Rainey finished 6th in Division 2B of the Energia AIL in the 2022/23 and finished top of Section 1B of the Ulster Senior League in the same season. The team finished 7th Division 2B of the Energia AIL in the 2023/24 season.

In May 2024, it was announced that former Ulster, Glasgow and Castres second row, Tim Barker would be the Head Coach for the 2024/25 season. Tim had previously played for Rainey for many years and had been an assistant coach for the previous 2 seasons.

Tim had a successful 2 years at the helm with the team narrowly missing out on the play-offs of AIL 2B on both occasions.

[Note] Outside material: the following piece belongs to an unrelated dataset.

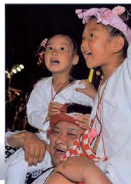
ファミリー部門 金賞 「やっぱり親子」

In May 2026, Graeme Eastwood was announced as the new 1st XV Head Coach.

Rainey will compete in the newly regionalised Division 2BN of the AIL in the 2026/27 season. Division 2B of the AIL has been split regionally into north and south.

Hooker Bradley Roberts was called into the Ulster Rugby squad in November 2020 and made his debut away to Edinburgh on 30 November 2020. He follows in the footsteps of fellow Rainey man Tommy O'Hagan who played for Ulster in the 2018/19 season. Roberts made his Welsh debut against South Africa in November 2021.

Local musician and former 1st XV Waterboy and Ballboy, J.C Stewart filmed part of a music video for MTV at the club in November 2019.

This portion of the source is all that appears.